Dutkiewicz, who studies conventional meat production and the alt-meat industry, noted that politicians have already railed against efforts to cut back on meat consumption or reduce the impacts of animal agriculture. Such as when then-Rep. Rob Bishop, R-Utah, held up a hamburger during a 2019 news conference, saying that if the Green New Deal went through, "this will be outlawed." Or when Sen. Joni Ernst, R-Iowa, introduced a bill in 2016 that would ban "Meatless Mondays" at military mess halls. Or when Nebraska Republican Gov. Pete Ricketts proposed a "meat on the menu" day last year.

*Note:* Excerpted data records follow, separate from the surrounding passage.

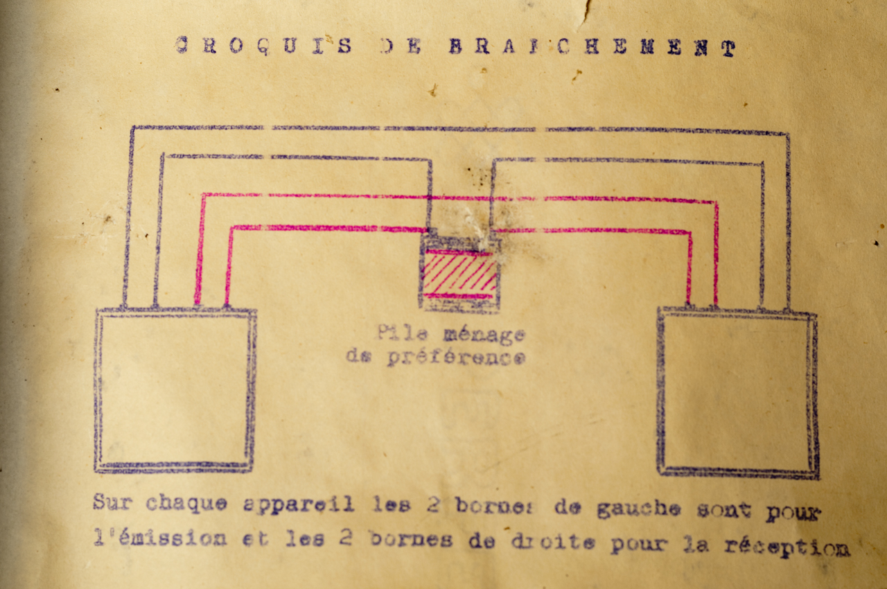Red Wires: Shows the right dial telegraph transmitter (left)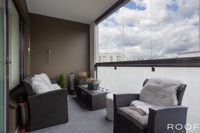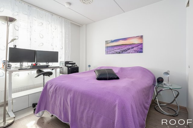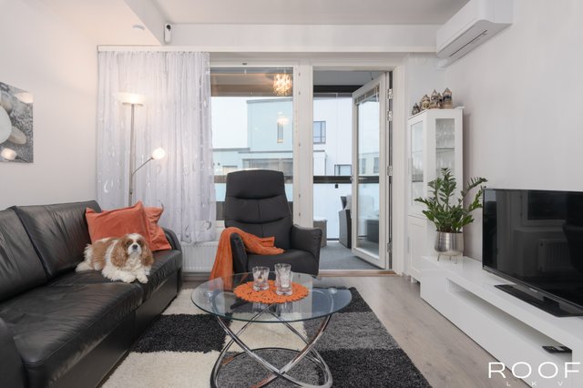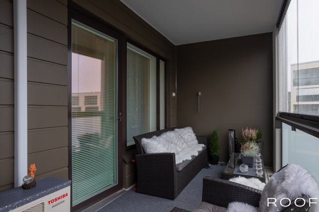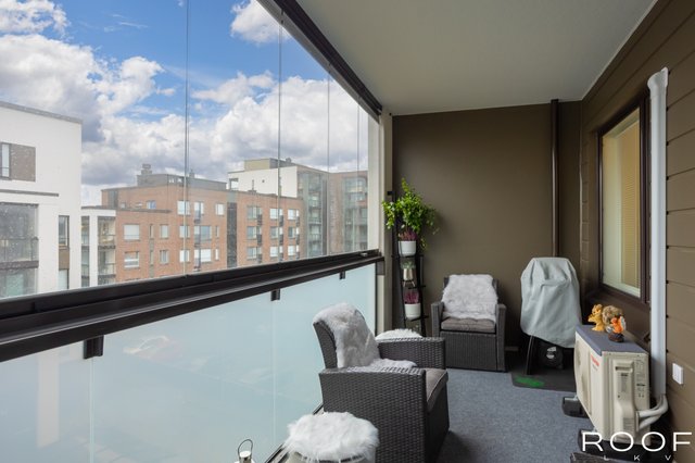 Asunnon sydän on lasitettu, auringonsuojaverhoin varustettu parveke, jossa nautit aamukahvit jo varhain keväällä ja jatkat iltoja pitkälle syksyyn. Makuuhuoneen yhteydessä oleva reilunkokoinen vaatehuone pitää arjen siistinä ja tavarat järjestyksessä. Kuumina kesäpäivinä asumismukavuutta lisää viilentävä ilmalämpöpumppu.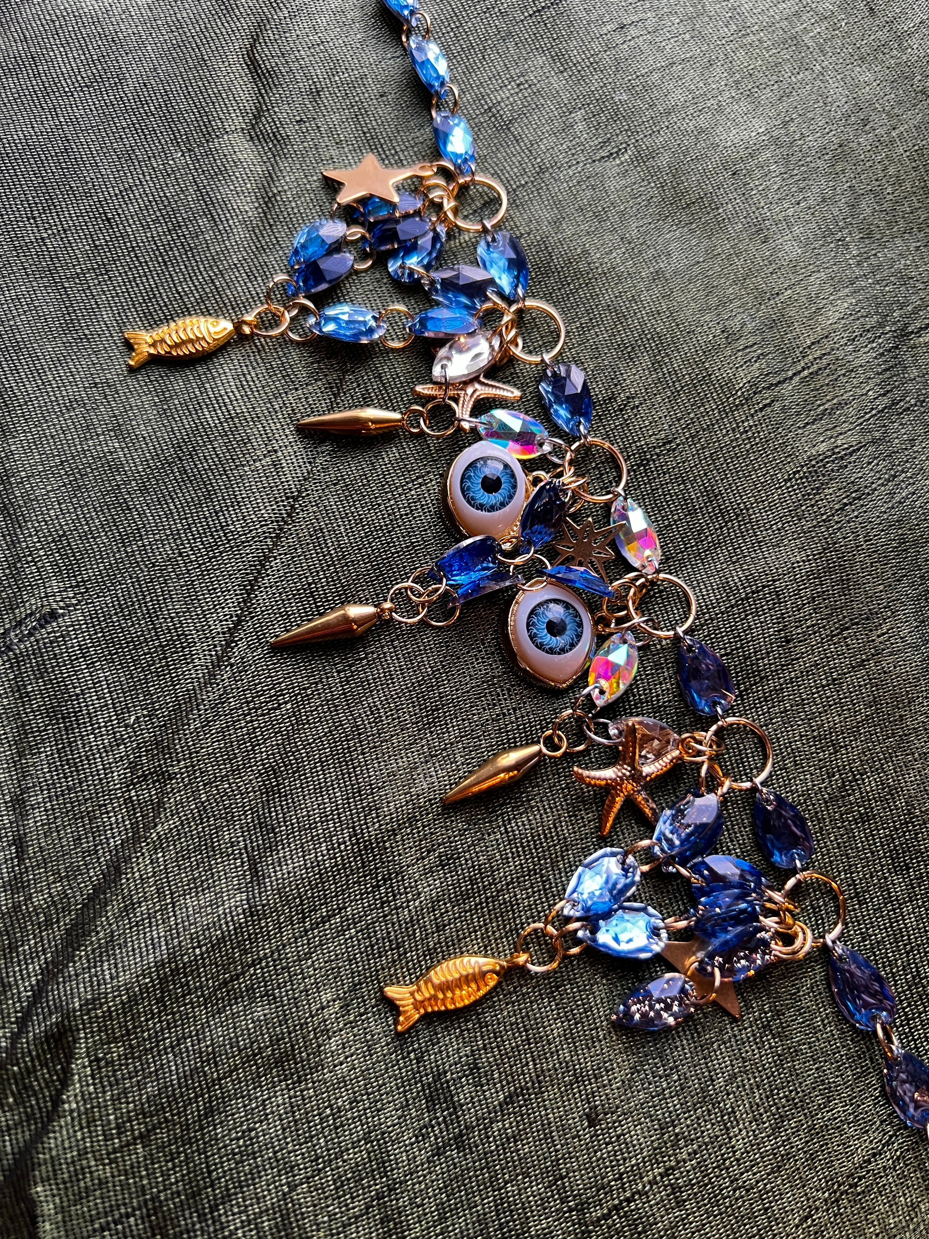 - steel, brass, glass and crystal charms

"While meat is one of the most nutrient-dense foods you can eat, there are radical anti-agriculture activists that are working to end meat production and our way of life here in Nebraska," the governor said in a release.

Greene's comments, part of a Facebook Live segment, were not far removed from Ricketts's statement, at least in terms of bottom-line messaging: that someone wants to take away your traditional meats.

The U.S. government, the congresswoman said, wants "to know if you're eating a cheeseburger, which is very bad because Bill Gates wants you to eat his fake meat that grows in a peach tree dish. So you'll probably get a little zap inside your body, and that says, 'No, no, don't eat a real cheeseburger,' " Greene said.

By invoking Gates, the co-founder of Microsoft and an investor in alternative meat companies, Greene was relying on a well-worn political playbook, Dutkiewicz said.

She is "basically riding this wave of critique, which I think ultimately aims to appeal to a specific constituency that is conservative in the sense of being afraid of change," he said. "Here you've got Silicon Valley or Bill Gates investing in these novel products which are somehow nefarious or worse for you or seek to undermine the American way of life or American agriculture."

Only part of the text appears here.